Мальчик и дерево
Алексей Сулима о том, как важно держаться корней в прямом и переносном смысле.

Клен густым кустарником рос перед самой калиткой. Его ветви изящными стрелами щерились во все стороны и были густо покрыты крупной листвой. Это было корейское дерево, семена которого завезли мои корейские предки, депортированные в 1938 году из Приморья в Среднюю Азию. Посадил его мамин отец Виктор, а именно Виктор Ен-Мунович Ли, и клен быстро разросся, отвоевав себе пространство у забора до самого ларька с ледяной водой на уютной улочке города Фрунзе.
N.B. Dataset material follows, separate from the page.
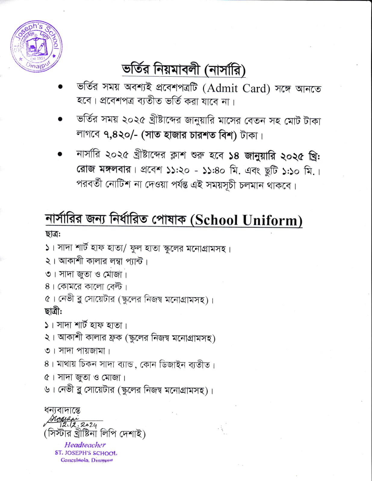২০২৫ খ্রিস্টাব্দে নার্সারি শ্রেণীতে ভর্তির নিয়মাবলী (নার্সারি)

Виктора я никогда не видел, мама почти ничего про него не рассказывала, так что яркие сапиндовые заросли были единственным нашим с дедом посредником.
Растению крепко от меня доставалось: когда я ходил в детский сад, стройные ветки идеально выполняли роль меча или стрел, ну а в школьные годы в ход пошли уже листья, которые собирались в пышный зеленый мяч для игры в лянгу. От чеканки шар лохматился и довольно быстро разлетался, распространяя немного резкий сладковато-кислый запах, поэтому все клены в округе страдали от нашего увлечения.
Школьные неприятности тоже не сулили кусту ничего хорошего — моя злость и ярость обрушивались на узорчатую листву ударами рук и палки, а однажды, после обидной двойки, я закинул в заросли рюкзак.
Но как бы варварски я ни поступал, в глубине души я чувствовал некоторую нежность и привязанность к клену, к его изящным ветвям, медовому запаху по весне и вечной свежести. Возможно, потому, что когда-то его родина — Корея — так и называлась: Страна утренней свежести (Чосон).
В последние деньки августа, перед походом в первый класс, я величественно ходил взад и вперед мимо кустарника с подаренным мне по такому случаю красным ранцем, доверху набитым тетрадками на 36 листов, пеналом и прочей канцелярией. И клен одобрительно шумел, глядя на мой импровизированный парад.
А когда во втором классе я потерял новенькую куртку, клен вместе со мной расставался с деталями своего «наряда». Я сидел под ним и тихонько плакал с досады, обрывая хрупкие черенки листвы от веток. Но кусты, налитые яркими красками от спелого абрикосового до глубокого карминного, лишь тихонько покачивались, утешая меня.